Истоки контркультуры - Теодор Рошак
Шрифт:
Интервал:
Закладка:
Вот вам и еще один классический пример отвлекающего приема.
Утопические желания без практики быстро атрофируются. Вот почему временами от марксистской критики возникает ощущение, что наше освобождение должно подчиниться рационализации «производственной анархии», то есть фактически изгнано в страну Нетинебудет. Энгельс в своем сочинении «О власти» приходит к невеселому выводу:
«Если человек с помощью знаний и изобретений покорил силы природы, позже она отомстит, подчинив его до такой же степени, как он использует ее, – деспотично и вне зависимости от социальной организации. Желание упразднить власть в массовой промышленности равнозначно желанию упразднить саму промышленность, уничтожить механический ткацкий станок и вернуться к прялке»[109].
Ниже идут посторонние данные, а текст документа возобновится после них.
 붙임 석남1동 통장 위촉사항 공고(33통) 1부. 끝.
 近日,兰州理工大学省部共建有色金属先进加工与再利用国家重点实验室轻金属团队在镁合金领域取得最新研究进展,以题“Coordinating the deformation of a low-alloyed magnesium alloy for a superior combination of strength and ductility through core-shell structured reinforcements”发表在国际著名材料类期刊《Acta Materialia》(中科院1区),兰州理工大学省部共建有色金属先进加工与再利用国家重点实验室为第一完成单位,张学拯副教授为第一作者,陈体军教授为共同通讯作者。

Хороший марксист далек от размышлений об уничтожении ткацкого станка или восприятия природы иначе, чем злокозненного врага. Тон и содержание этого сочинения Энгельса ясно показывают: марксизм является зеркальным отражением буржуазного индустриализма, перевернутым, но несомненно идентичным – в обеих традициях технократический императив и сопутствующая концепция жизни видятся обязательными. По иронии судьбы, это крупнейшая единичная победа, которую буржуазному строю удалось одержать над самыми непримиримыми оппонентами: оно внушило им свое неглубокое, упрощенное представление о человеке. Подобно классической экономике, научный социализм подходит к обществу, как Ньютон к поведению райских тел, ища непреложный «закон» их «движения». Хотя стойкую живучесть работам Маркса придают исключительно моральный накал и пересыпанная бранью риторика, он стремится к мифу объективности научного социализма, где общество понималось бы как «процесс естественной истории». Все, что не является наукой, должно пониматься как «умозрительная путаница… цветистая риторика… нездоровые настроения». Устами Маркса слишком часто говорит твердолобая прагматичная политика XIX века, смешанная с ужасающим бездушием социального дарвинизма и грубым позитивистским атеизмом.
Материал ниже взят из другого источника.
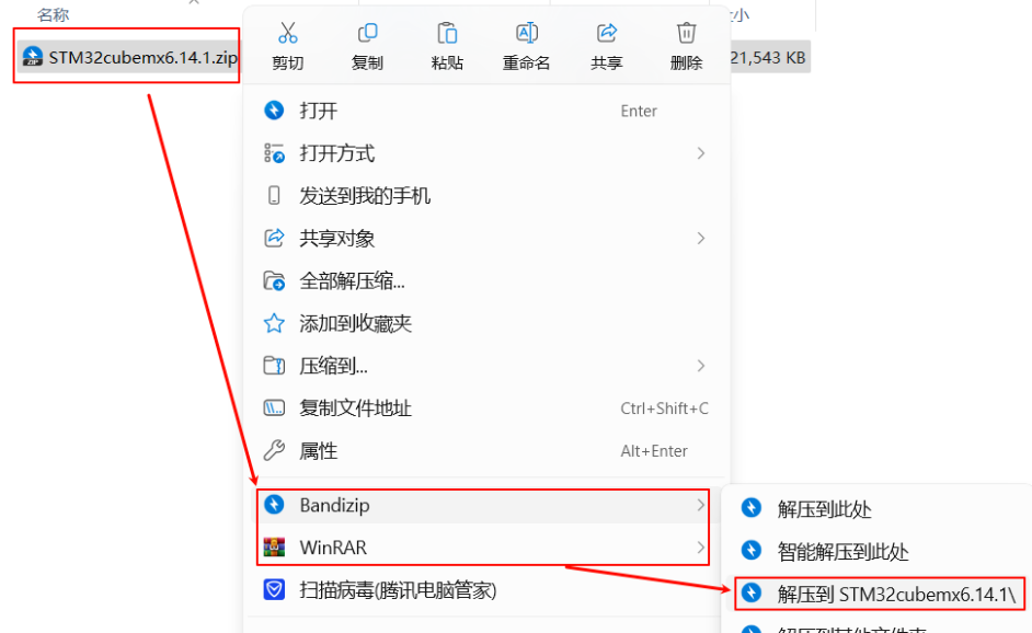 1.选中下载好的安装包,右键解压到“STM32cubemx6.14.1”文件夹
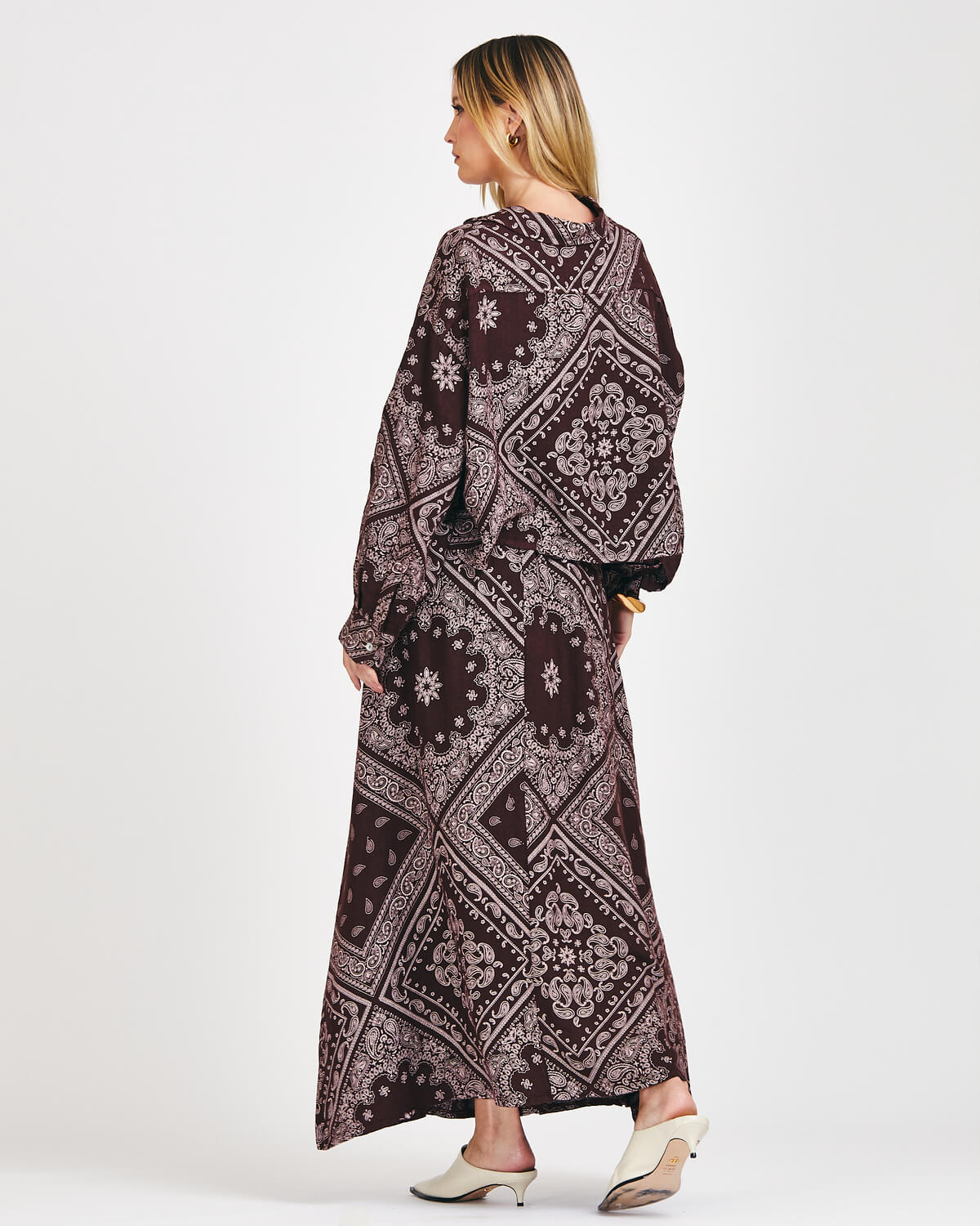 Confeccionada em 100% linho natural, sua modelagem fluida e comprimento longo criam um efeito elegante e confortável ao vestir.

Эта идеология, созданная в ключе превалирования принципа реальности, способствует ограничению сознания, подавляет, склоняет нас примириться с существованием без мечты и фантазии. Погрузиться в старые идеологии – за исключением анархизма версии Кропоткина, Толстого, Торо – означает задыхаться в бетонно-стальных джунглях технологической необходимости. Это литература серьезности и угрюмой решимости, усиленных прагматичностью, классовой дисциплиной, статистикой несправедливости и жаждой мести. Говорить об экстатических порывах в столь мрачной среде означает рисковать показаться сумасшедшим. Где люди еле плетутся, никому не дозволено танцевать. Танцы… может быть, когда-нибудь потом.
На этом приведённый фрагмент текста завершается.